Pikedaddy, I was the old guy in line behind you when you ordered the minnows. I could not believe you would even pay that price a dozen. And now you say they shorted you. I guess it's time for me to go else where.


----------



## johnboy111711 (Apr 7, 2004)

i got a few ideas of which shops do this, there are just some places that are out to make "the big bucks"


----------



## peple of the perch (Sep 13, 2004)

there r alsot of ice guys out there though. like some of u guys have said. i will problably be going to lake milton this weenend so i wil go the that one to get my minnies that was refered


----------



## Pikedaddy (Jul 20, 2005)

bountyhunter said:


> please don;t name the shop ,just tell me which lake there close to so I can stop some where else . I know theres one up at mos that counts ,I don;t stop there any more I:LL drive to the causeway and get my bait. extra 6mile but theres always a good count in the bucket.


Its in the Falls on the Cuyahoga.


----------



## Pikedaddy (Jul 20, 2005)

Pete Moss said:


> Pikedaddy, I was the old guy in line behind you when you ordered the minnows.

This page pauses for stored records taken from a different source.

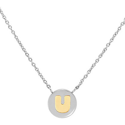 Nomination MyBonBons Collection tuotesarjan U -kirjainriipus. Riipus on valmistettu ruostumattomasta teräksestä, ja kullanvärinen osa on aitoa 18 karaatin kultaa. Riipuksen pituus on 44cm, mutta se on säädettävissä 40cm pituiseksi. Riipusosan halkaisija on 9mm. Nomination MyBonBons tuotesarjalle myönnetään kahden vuoden takuu, ja ne toimitetaan valmistajan alkuperäisessä rasiassa.
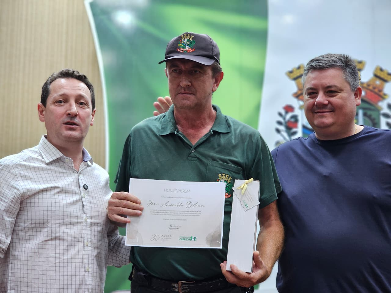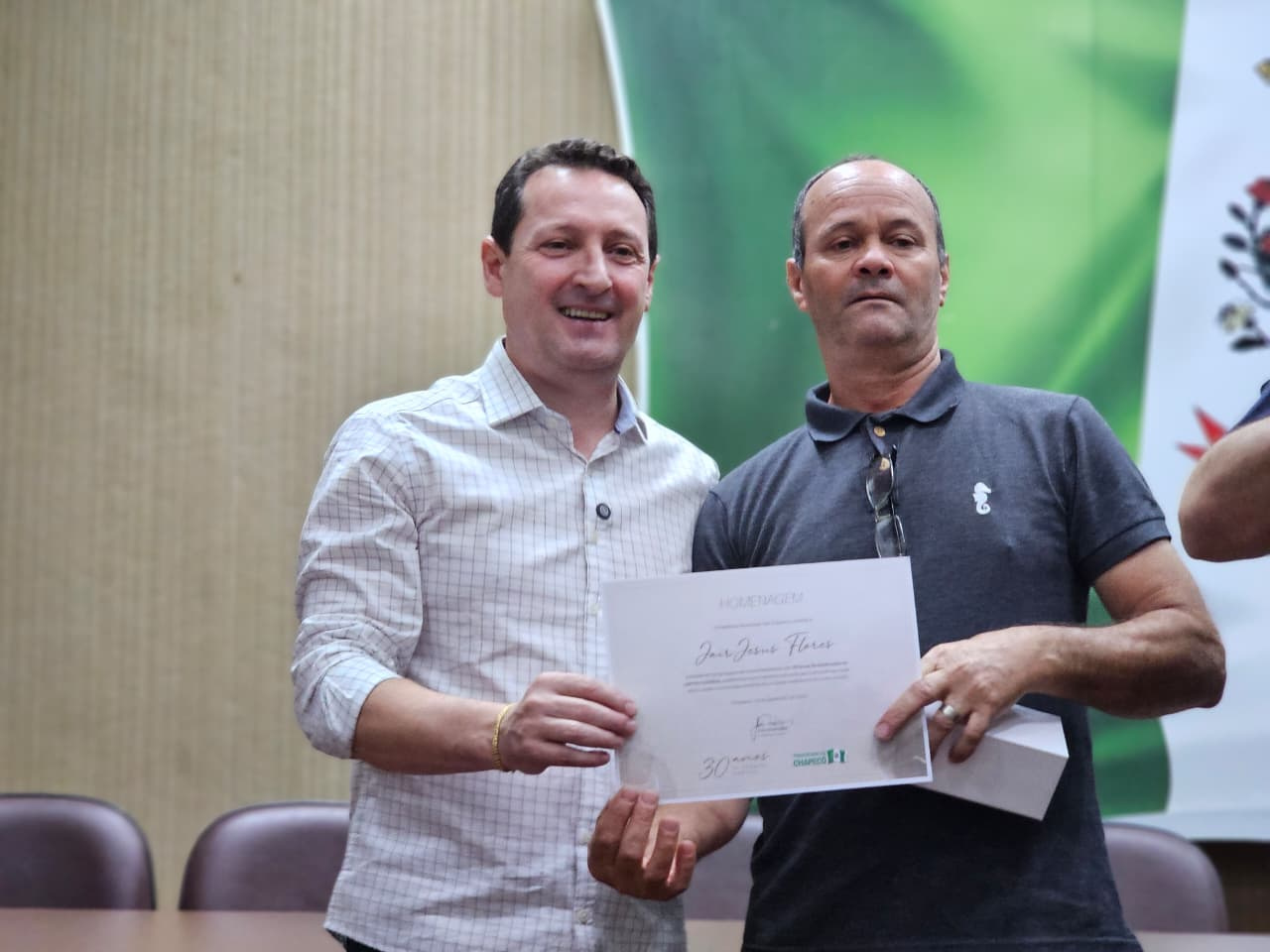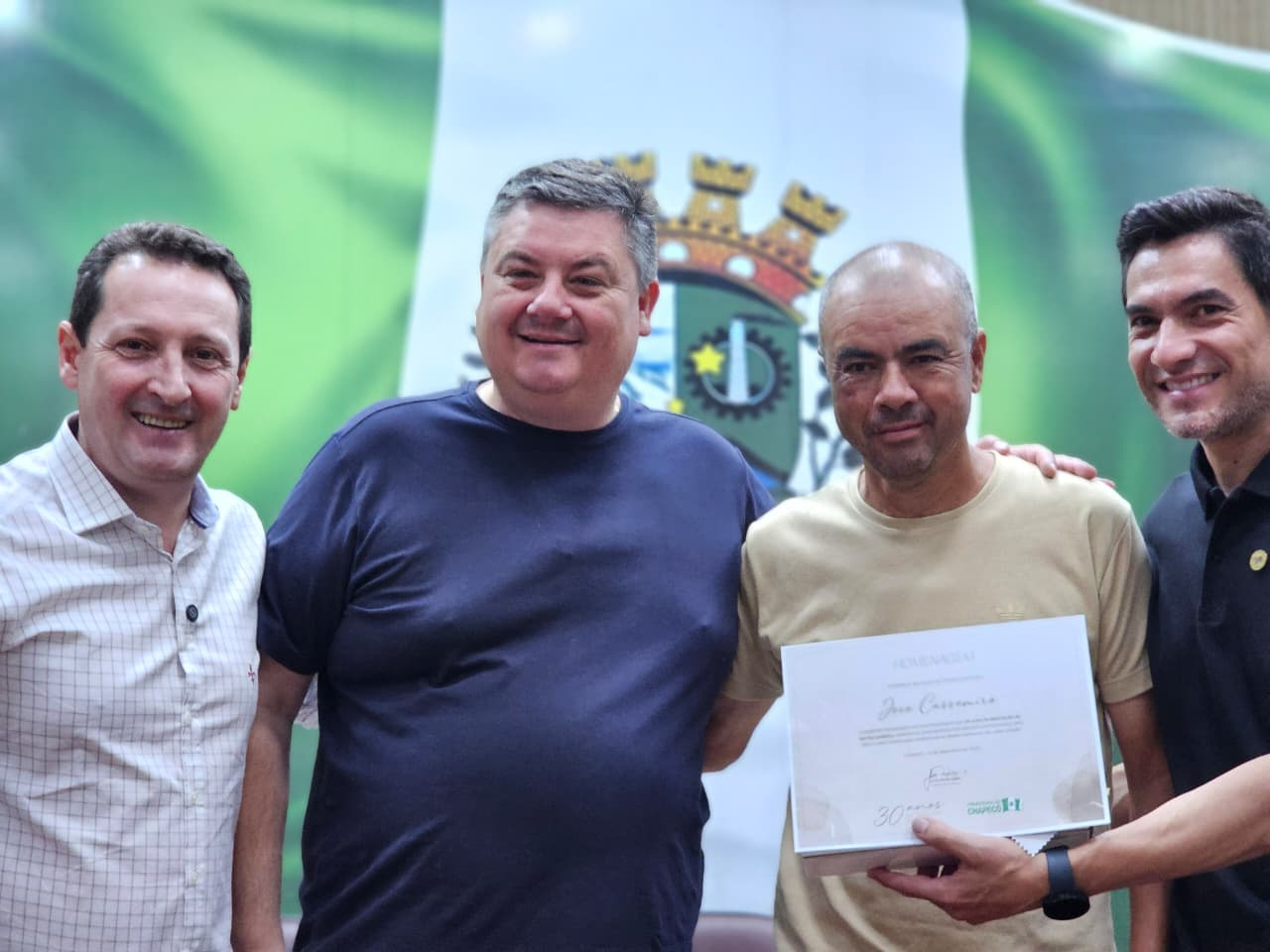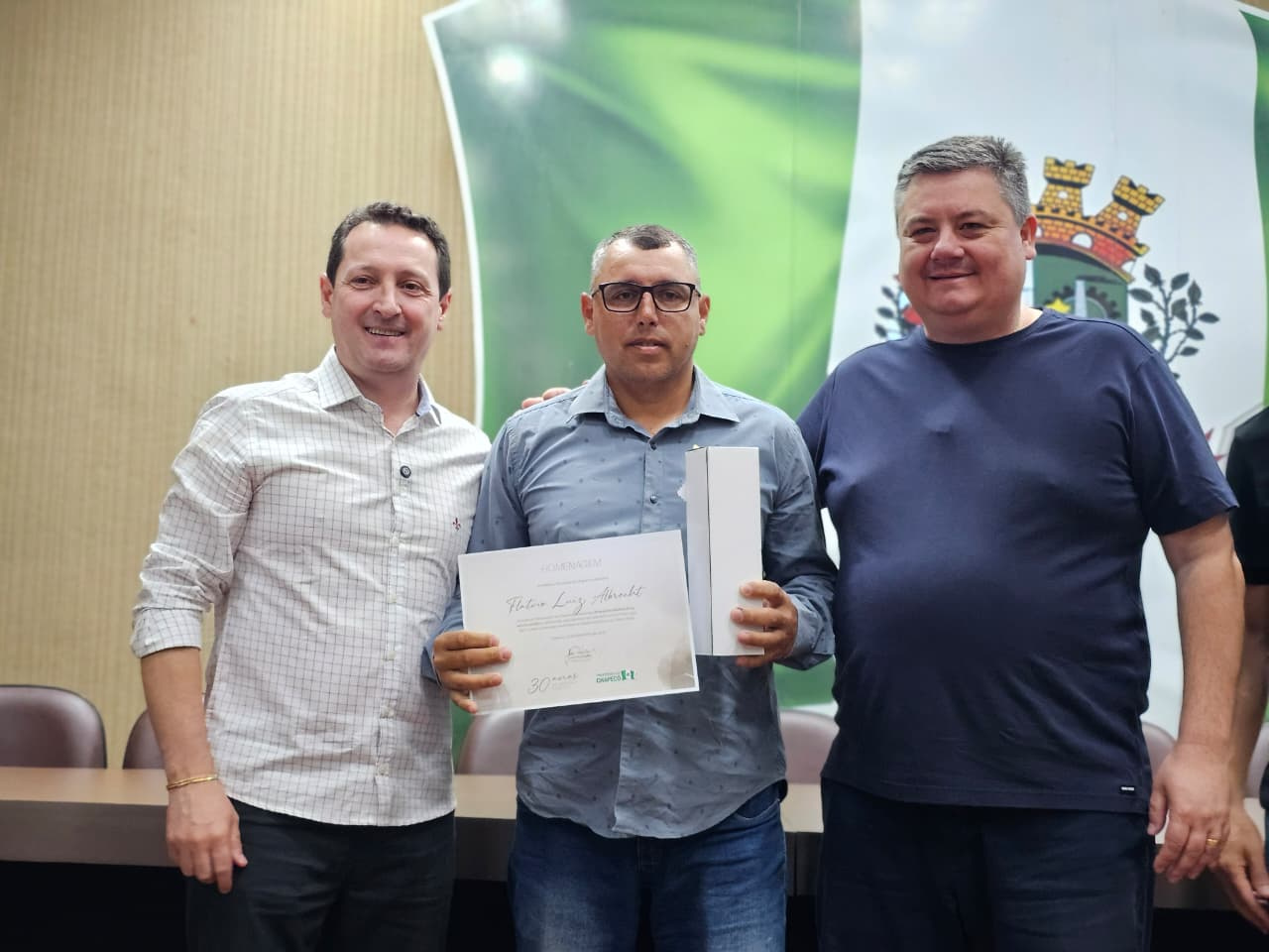 O presidente da Câmara de Vereadores, Claimar de Conto foi um dos homenageados e falou em nome dos colegas. Cada um aqui tem uma história de trabalho nesses 30 anos. Desde 1995 tivemos um período de transformação do nosso município, com quatro mandados do prefeito João Rodrigues. Tivemos seis Jogos Abertos, com a recente conquista de campeão geral. Saímos de 140 mil habitantes, para 282 mil habitantes. Éramos mil servidores, agora são sete mil. Cada um deu sua contribuição. Nós temos o dom de servir a população de Chapecó, disse Claimar.
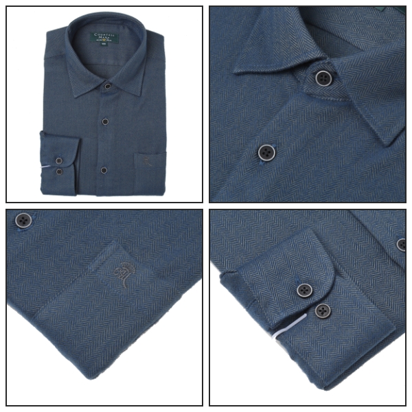 스타일.일반핏 스넵카라에 구김없는 헤링본짜임 기모남방셔츠
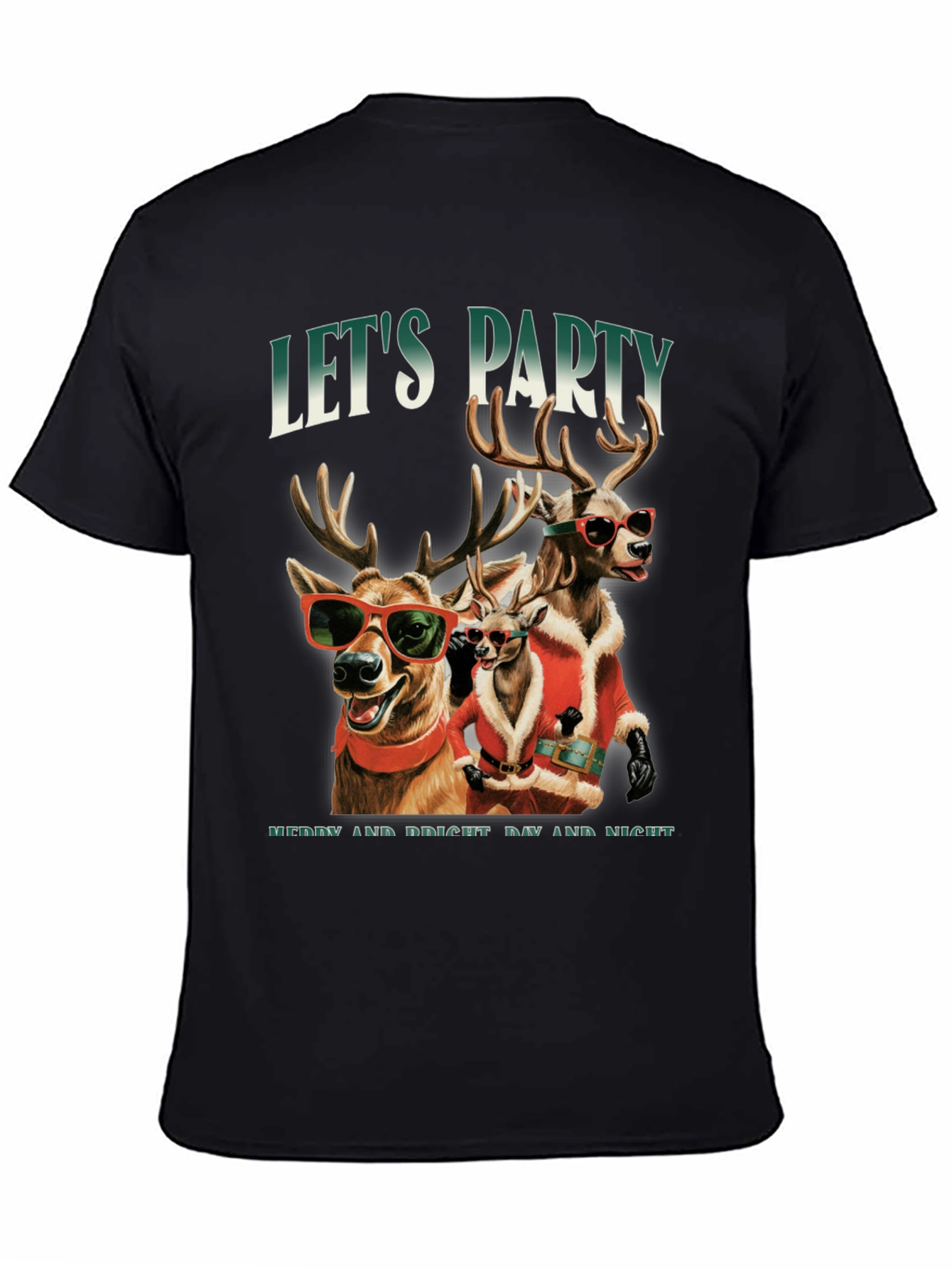 ¡Prepárate para las fiestas con esta divertida camiseta! Presenta un diseño único con ciervos animados llevando gafas de sol y trajes de Papá Noel, listos para la fiesta. La frase "Let's Party" destaca en la parte superior, añadiendo un toque de alegría y celebración. Debajo, se lee "Merry and Bright Day and Night", transmitiendo el espíritu navideño. Ideal para llevar en reuniones familiares, fiestas con amigos o simplemente para contagiar alegría en esta temporada. Fabricada en un material suave y cómodo, esta camiseta negra es perfecta para lucir un estilo festivo y original. ¡Haz que estas Navidades sean inolvidables con esta prenda única!
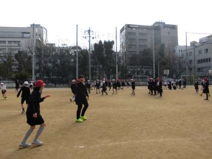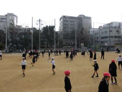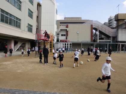 多くの児童が、ドッジボール、なわとび、おにごっこ
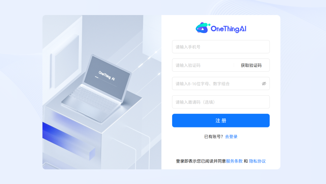 步骤一:访问www.onethingai.com,完成新用户注册。

I could not believe you would even pay that price a dozen. And now you say they shorted you. I guess it's time for me to go else where.


 Have spent 1000s of dollars in that store the owner treats me great but his new manager is a prick. I think he is just jealous that I come in and teach him


----------



## johnboy111711 (Apr 7, 2004)

Pike, the feelings are the same with me...and that was tops on my list too, the counts there have and continue to be horrible.


----------



## Big Daddy (Apr 6, 2004)

Seems to me that dealing with the shop manager/owner would be the right thing to do instead of bad mouthing him/her on a website.

That's not what we're about here at OGF.


----------



## FishON32 (Jun 26, 2006)

I haven't seen anyone talk about the one stop bait shop at Ladue. I've always gotten good counts, good size, good service, & good advice from the guys. They are also fisherman that hit most the lakes I do and let me in on some hints.


----------



## peple of the perch (Sep 13, 2004)

does anyone have a # to a baitshop by milton


----------



## BassariskY (Sep 8, 2006)

Eddie's Bait Shop at Nimisila...nice guy to talk and bait for cheap! 2 bucks for a dozen shiners. Can't beat that.


----------



## saugeyesam (Apr 20, 2004)

ive never had a problem with minnow counts i fish atwood lake alot almost exclusively and ive gotten minnows from rosies in waynesburg lakeside carryout on 542 the west and east marina's and even little old aarons on 212 and have never had any complaints on minnow counts or prices i always get 3 dozen and end up with like 5 or 6 i usally end up giving my leftovers away. 



i also want to give a kudos to corey at cripple creek he really is top notch and a really smart angler especialy when it comes to the saugeye ive learned a bunch from him since ive joined this site! so my hats off to you jim !


----------



## vc1111 (Apr 13, 2004)

The minnow thing can be annoying.

I usually just pay the extra buck or two for an extra dozen and keep right on moving toward the water.


----------



## kennedy327 (Jul 12, 2006)

when I go to the bolivar spillway, I stop in zoar for minnows at a small mom and pop shop, they sell minnows for a buck and a half a scoop, and you get about two dozen a scoop. They also sell cheap sinkers, I try to pick up other stuff from them also, great little place to stop.


----------



## legendaryyaj (Nov 1, 2005)

Almost forgot, dont go to the bait shop by Dale Walborn for minnows. I know I got like 8 minnows for the price of a dozen. I was in so much disbelief I just left.

I'd rather just leave and never go back than sit there and complain. Word of mouth is more powerful than a hissy fit at the store.


----------



## Pikedaddy (Jul 20, 2005)

Im just done going there.


----------



## johnboy111711 (Apr 7, 2004)

i don't have any problems otherwise, i just dont buy bait where there are low counts, i still but other stuff from various stores wish low bait counts


----------



## triton175 (Feb 21, 2006)

Went to the baitshop outside the State Park entrance at Salt Fork it's called Lakeside Carryout. I asked for 4 doz. must have gotten 200. Fished all day, changing bait often, and still had a bunch left at the end of the day. Very nice people, great, lively minnows.


----------



## peple of the perch (Sep 13, 2004)

thats like 16-18 dozen minow r u shure it was 200


----------



## triton175 (Feb 21, 2006)

At least that many. Maybe more. I tried to give them away at dusk but anybody I asked also had more than they could use. I ended up tossing them in the weeds by the parking lot. Food for birds or raccoons.


----------



## peple of the perch (Sep 13, 2004)

than maby they were getting a shipment of more minnows and trying to get rid of them?


----------